On top of that, an additional $1.5 trillion in the senators plan would enable them to include some of Trump’s campaign promises, such as no taxes on tips, Social Security benefits and overtime. Republicans are also looking to increase the $10,000 deduction for state and local taxes, something that lawmakers from states such as New York, California and New Jersey say is necessary for their support.
The House and Senate are also at odds over increasing the debt limit, which is needed by summer to allow more borrowing. The House had boosted the debt limit by $4 trillion in its plan. But with Trump wanting the issue off the table, the Senate ups it to $5 trillion to push any further votes on the matter until after next year’s midterm elections.
The plan instructs four Senate committees to find at least $1 billion each in budget reductions. That's just a small fraction of the what's needed to offset the costs of the tax breaks. But GOP leadership emphasizes that's a low floor and that committees will be on the hunt for far more.
Already, the GOP leaders are confronting concerns from fiscal hawks in deep red states and congressional districts who want trillions of dollars in spending cuts to help pay for the tax breaks. At the same time, dozens of lawmakers in swing districts and states are worried about what those cuts will mean for their constituents, and for their reelection chances.

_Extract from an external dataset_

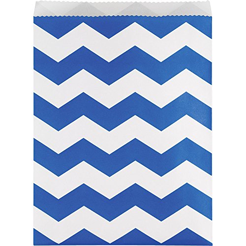 Creative Converting 324483 120-Count Paper Chevron Pattern, Cobalt, Large Treat Bags, Cobalt Chevron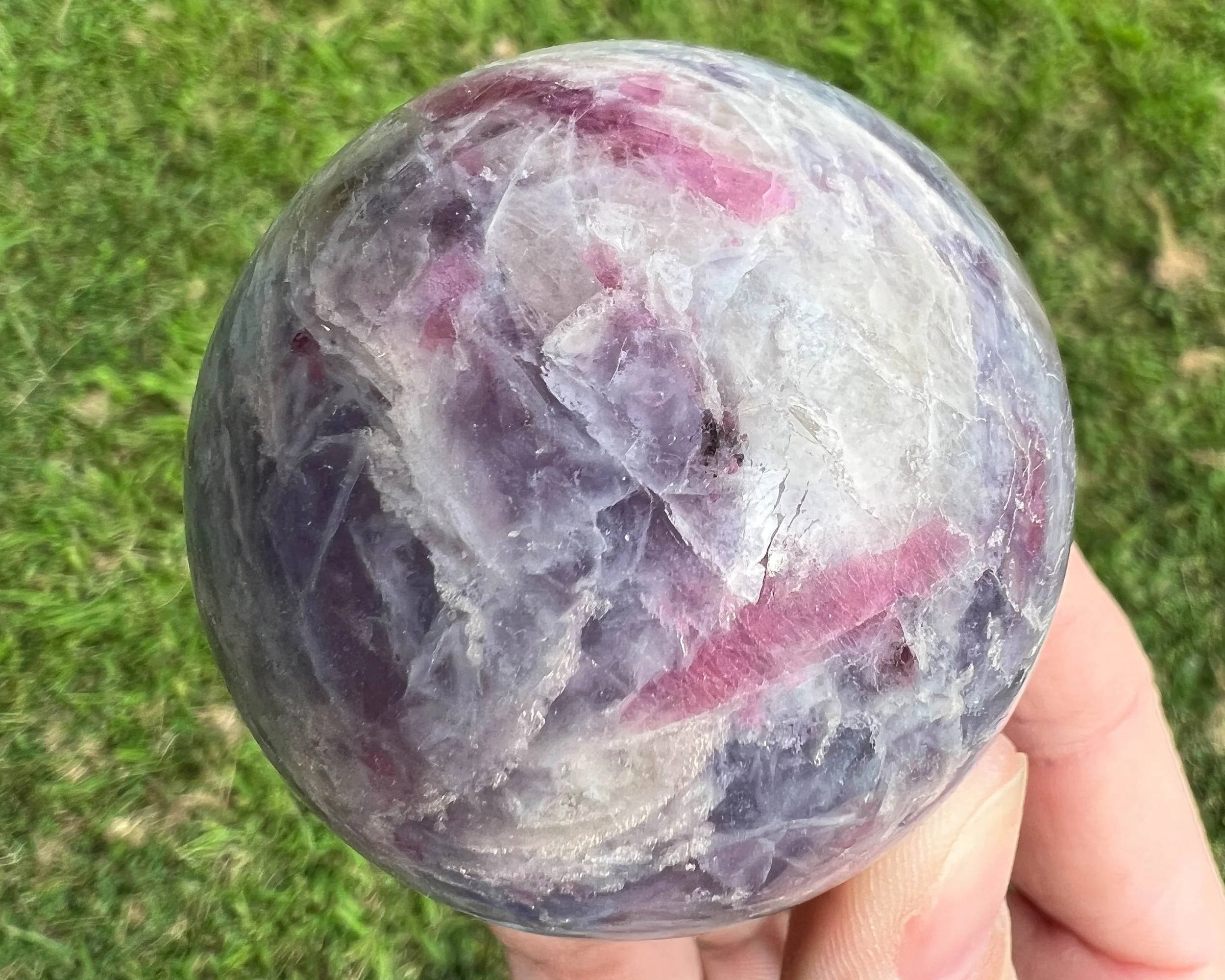 2.1" Unicorn Stone Sphere, Crystal Ball, Pink Tourmaline, Lepidolite, Smoky Quartz & Cleavelandite, Rubellite, Home Decor, Witchy Gift #6

The GOP leadership has encouraged members to just get a budget plan over the finish line, saying they have time to work out the tough questions of which tax breaks and spending cuts to include.
Extending the the 2017 breaks would cut taxes for about three-quarters of households but raise them for about 10%. In 2027, about 45% of the benefit of all the tax cuts would go to those making roughly $450,000 or more, according to the Urban-Brookings Tax Policy Center, which analyzes tax issues.